The Career of Grant Rosenmeyer

Grant Rosenmeyer first showed up on screen in The Royal Tenenbaums as one of Ben Stiller’s tracksuit-wearing sons, and he has grown up in front of us, just as Jonas has. But that’s about where the similarities end. 

Jonas is a rock star and a teen idol. Rosenmeyer is, well, neither of those things. He’s almost a throwback, a leading actor in a character actor’s body. Kind of short, round face, not exactly sporting a six-pack of abs. He’s not going to be mistaken for Brad Pitt, but then again, most actors don’t, and that’s why they’re employed.
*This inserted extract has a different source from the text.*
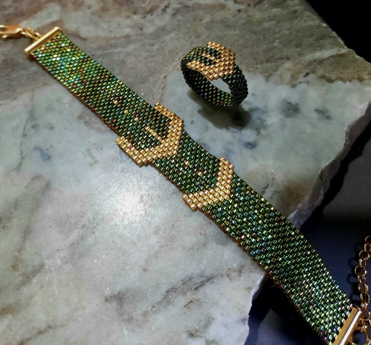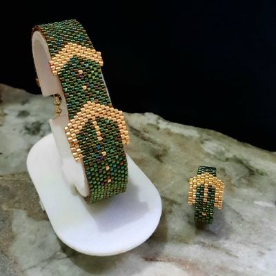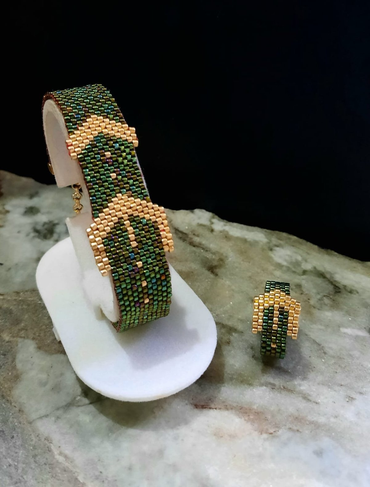 The set is a bracelet with a simple design for the belt, with two colors overlapping, the first is a basic color and the gold color is for the ornament.. And also a ring with the same design with a modern and elegant touch.. All metal materials used are not rusty or discolored and do not cause allergies... Its weight is very light.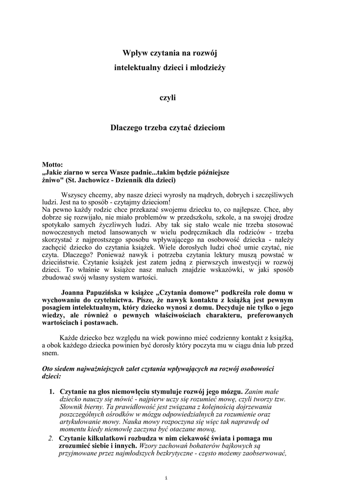 Wpływ czytania na rozwój intelektualny dzieci i młodzieży czyli Dlaczego trzeba czytać dzieciom Motto: „Jakie ziarno w serca Wasze padnie...takim będzie późniejsze żniwo" (St. Jachowicz - Dziennik dla dzieci) Wszyscy chcemy, aby nasze dzieci wyrosły na mądrych, dobrych i szczęśliwych ludzi. Jest na to sposób - czytajmy dzieciom! Na pewno każdy rodzic chce przekazać swojemu dziecku to, co najlepsze. Chce, aby dobrze się rozwijało, nie miało problemów w przedszkolu, szkole, a na swojej drodze spotykało samych życzliwych ludzi. Aby tak się stało wcale nie trzeba stosować nowoczesnych metod lansowanych w wielu podręcznikach dla rodziców - trzeba skorzystać z najprostszego sposobu wpływającego na osobowość dziecka - należy zachęcić dziecko do czytania książek. Wiele dorosłych ludzi choć umie czytać, nie czyta. Dlaczego? Ponieważ nawyk i potrzeba czytania lektury muszą powstać w dzieciństwie. Czytanie książek jest zatem jedną z pierwszych inwestycji w rozwój dzieci. To właśnie w książce nasz maluch znajdzie wskazówki, w jaki sposób zbudować swój własny system wartości. Joanna Papuzińska w książce „Czytania domowe" podkreśla role domu w wychowaniu do czytelnictwa. Pisze, że nawyk kontaktu z książką jest pewnym posagiem intelektualnym, który dziecko wynosi z domu. Decyduje nie tylko o jego wiedzy, ale również o pewnych właściwościach charakteru, preferowanych wartościach i postawach. Każde dziecko bez względu na wiek powinno mieć codzienny kontakt z książką, a obok każdego dziecka powinien być dorosły który poczyta mu w ciągu dnia lub przed snem. Oto siedem najważniejszych zalet czytania wpływających na rozwój osobowości dzieci: 1. Czytanie na głos niemowlęciu stymuluje rozwój jego mózgu. Zanim małe dziecko nauczy się mówić - najpierw uczy się rozumieć mowę, czyli tworzy tzw. Słownik bierny. Ta prawidłowość jest związana z kolejnością dojrzewania poszczególnych ośrodków w mózgu odpowiedzialnych za rozumienie oraz artykułowanie mowy. Nauka mowy rozpoczyna się więc tak naprawdę od momentu kiedy niemowlę zaczyna być otaczane mową, 2. Czytanie kilkulatkowi rozbudza w nim ciekawość świata i pomaga mu zrozumieć siebie i innych. Wzory zachowań bohaterów bajkowych są przyjmowane przez najmłodszych bezkrytyczne - często możemy zaobserwować, i 3. 4. 5. 6. 7. że maluch odtwarza zachowanie ulubionej postaci bajkowej. Utożsamia się z postacią głównego bohatera; towarzyszy mu w wędrówce ,razem z nim przeżywa radość, strach, smutek czy ból. nawiązuje przyjaźnie, stawia czoła wrogom, odpoczywa, bawi się. Dzieci szybko uczą się poprzez przykład - naśladując. Dzięki tej identyfikacji zapoznaje się z całą gamą emocji, uczuć i postaw. Uczy się zachowań społecznie akceptowanych oraz tych, które są potępiane. Czytanie stymuluje rozwój mowy i usprawnia pamięć. Książki ubogacają tak bierny (rozumienie) jak i czynny (mowa) słownik dziecka, poszerzając wiedzą o świecie i pomagając w ten sposób odnosić sukcesy w przedszkolu i w szkole. Czytanie pomaga także w przezwyciężaniu dysleksji. Dzieci zapoznając się z bogactwem języka literackiego nabywają umiejętność poprawnego wysławiania się, mobilizują do tworzenia własnych opowiadań i wierszy. Czytanie kształtuje wrażliwość moralną dziecka. Dzieci którym rodzice regularnie czytają szybciej się rozwijają łatwiej przyswajają wiedzę o świecie i ludziach, a także czują się bezpieczne i kochane. Świadczy o tym min. ich żywa reakcja kiedy słuchając opowiadania śmieją się, płaczą a czasem nieruchomieją w momentach napięcia. Książki kształtują pozytywny obraz siebie. Dziecko czytając wraz z rodzicem może pochwalić się swoją wiedzą. Chętniej będzie uczyło się i poznawało nowe pojęcia -ma to wpływ na ogólny rozwój społeczny dziecka. Książka zaspokaja potrzebę informacji i wzbogaca zasób wiadomości, zaś ilustracje w książkach ułatwiają tworzenie wyobrażeń o miejscach odległych i niedostępnych w codziennym życiu. Czytanie odpowiada również za budowanie szczególnego rodzaju więzi emocjonalnej pomiędzy rodzicami a dziećmi. Wspólne czytanie jest szczególną formą spędzania czasu z dzieckiem. To przynosi zarówno „ korzyści natychmiastowe " jak i procentuje na przyszłość. Dzięki czytaniu cała rodzina może wspólnie spędzać czas, a przeczytane treści mogą stanowić pretekst do wspólnych rozmów. Wspólne głośne czytanie z dzieckiem pomoże mu pokonać wiele problemów wieku dorastania. Literatura daje wsparcie w zmaganiu z różnymi problemami. Ukazuje różnorodne wzorce myślenia. Ogromną rolę odgrywają tutaj bajki terapeutyczne. Jest to literatura powszechnie znana i dostępna. Według Marii Mołickiej znanej bajkoterapeutki, jest ona ważną metodą wspierania i oddziaływania terapeutycznego we wczesnych okresach rozwoju dziecka .Może pomóc w efektywnym radzeniu sobie z sytuacjami trudnymi takimi jak: frustracje, lęki, niska samoocena, uzależnienia. Taka literatura kompensuje niezaspokojone potrzeby oraz wpływa na kształtowanie się poczucia własnej wartości. Ale w głośnym czytaniu chodzi tak naprawdę o to, aby poświęcić dziecku swój czas, uwagę, a przy tym miłość. Codzienne czytanie dziecku: • • • • • • • • • • Zapewnia emocjonalny rozwój dziecka Rozwija język, pamięć i wyobraźnię Uczy myślenia, poprawia koncentrację Wzmacnia poczucie własnej wartości dziecka Poszerza wiedzę ogólną Ułatwia naukę, pomaga odnieść sukces w szkole Uczy wartości moralnych, pomaga w wychowaniu Zapobiega uzależnieniu od telewizji i komputerów Chroni przed zagrożeniami ze strony masowej kul tury Kształtuje nawyk czytania i zdobywania wiedzy na całe życie i Umberto Eco powiedział: „ kto czyta książki, żyje podwójnie ". Jeżeli więc nie chcemy aby nasz maluszek ż

We want to see real people up on screen, and that’s Grant Rosenmeyer in the flesh. Hell, he even played a young Tony Shalhoub in a 2005 episode of Monk. Sure, he was 14 years old, but it still takes a certain kind of actor to play that. 

Rosenmeyer has done more with his career than most child actors have. He’s worked steadily for over two decades, with appearances in TV shows like Curb Your Enthusiasm, Blue Bloods, Crazy Ex-Girlfriend and dozens of movies, both features and shorts.

Now, at the age of 33, he has become an interesting leading man. The Secret Art of Human Flight is not his first starring role. That was Come As You Are, a remake of a popular Belgian film, in which he played a disabled man trying to get to a Montreal brothel that caters to people with special needs. It’s a feel-good movie that sometimes verges on schlock, but still comes through and puts a smile on your face.

In Come As You Are, Rosenmeyer plays a wheelchair-bound young man with grace and power, infusing the role with a strength that keeps the audience from ever feeling sorry for him or, here’s that word again, maudlin. It turns out, that might have been the perfect part to get him ready for this one.

Although not everyone will like The Secret Art of Human Flight, but it’s hard not to like Grant Rosenmeyer in it.